When you go to a support forum you should've already got past Step 3, at the minimum. Nobody will want to help you, or be able to help you, if you can't give them a good description of the problem, including your hardware/OS configuration and some relevant lines of code. Start a topic when you think you can describe the problem intelligently and pick a descriptive subject line for the message
- Shouting the solution into existence
If you think it's somebody else's fault, especially early in the process, at least talk to them in a civil fashion. Physicians and neuroscientists have been studying the phenomena but are now certain that shouting, exhorting, pleading and emphasizing the severity and dire consequences of an emergency have no positive impact on the problem-solving centers of the brain. Even if Democracy itself was under threat, being loudly and annoyingly emphatic will not summon the fix into existence, no matter how much brute willpower the technician can muster
Miscellaneous bugs I've fixed recently
- Duplicate filenames? But they include a timestamp!

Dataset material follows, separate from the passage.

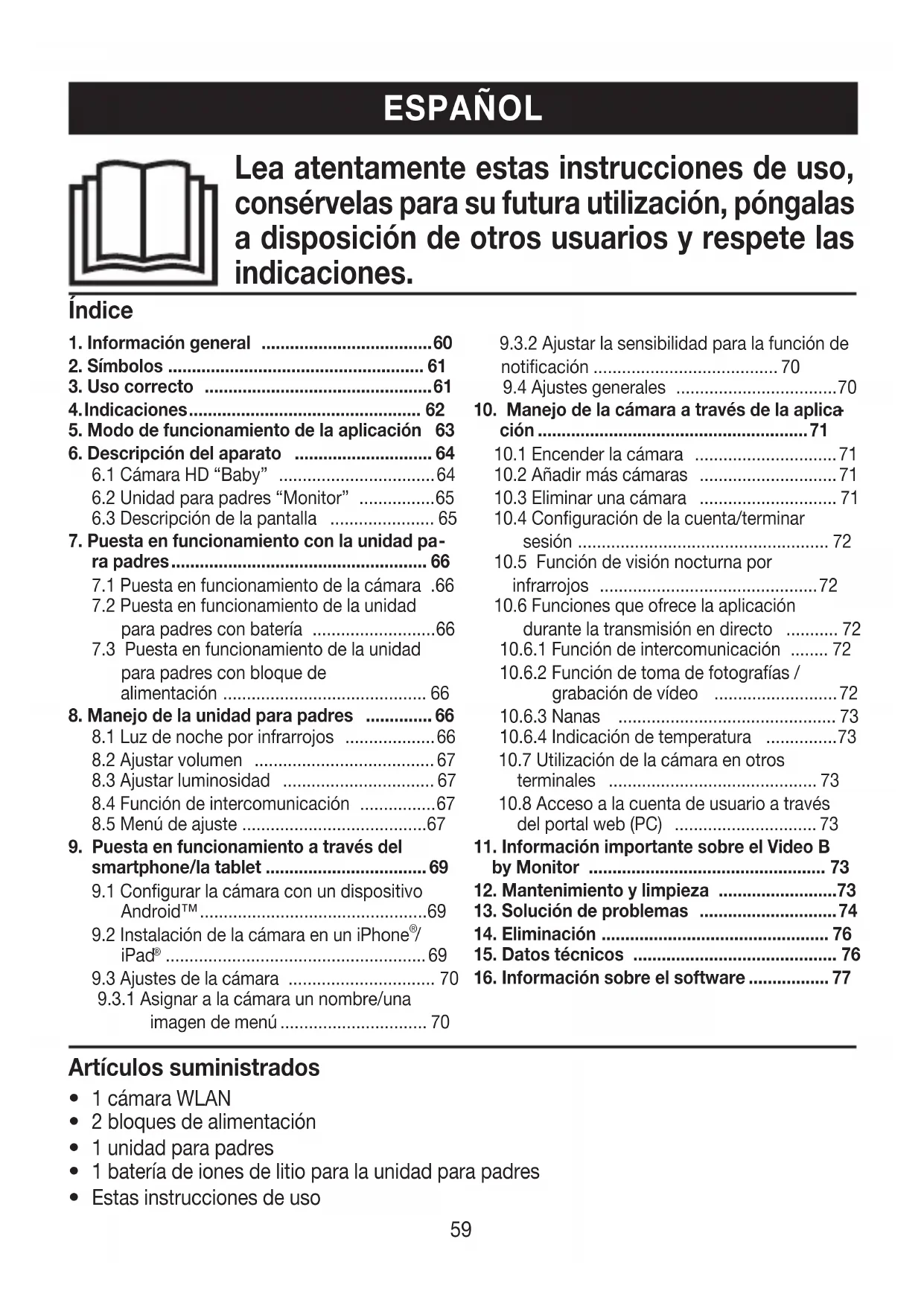 Baby Video Monitor 2 en 1 Instrucciones de uso ........... 59

Mysterious problem with files being generated twice. Further investigation: the files don't have the same contents. That's strange, they should always have a unique filename because the template includes the date and time formatted as "yyMMddhhmmss". Step 9, Look at the correlations: the first file was generated at 4:30am, and the dupe filename was generated at 4:30pm the same day. Coincidence? Nope, because "hh" in a time formatting string means 12-hour clock values. Doh! Changed template to "yyMMddHHmmss", bug fixed.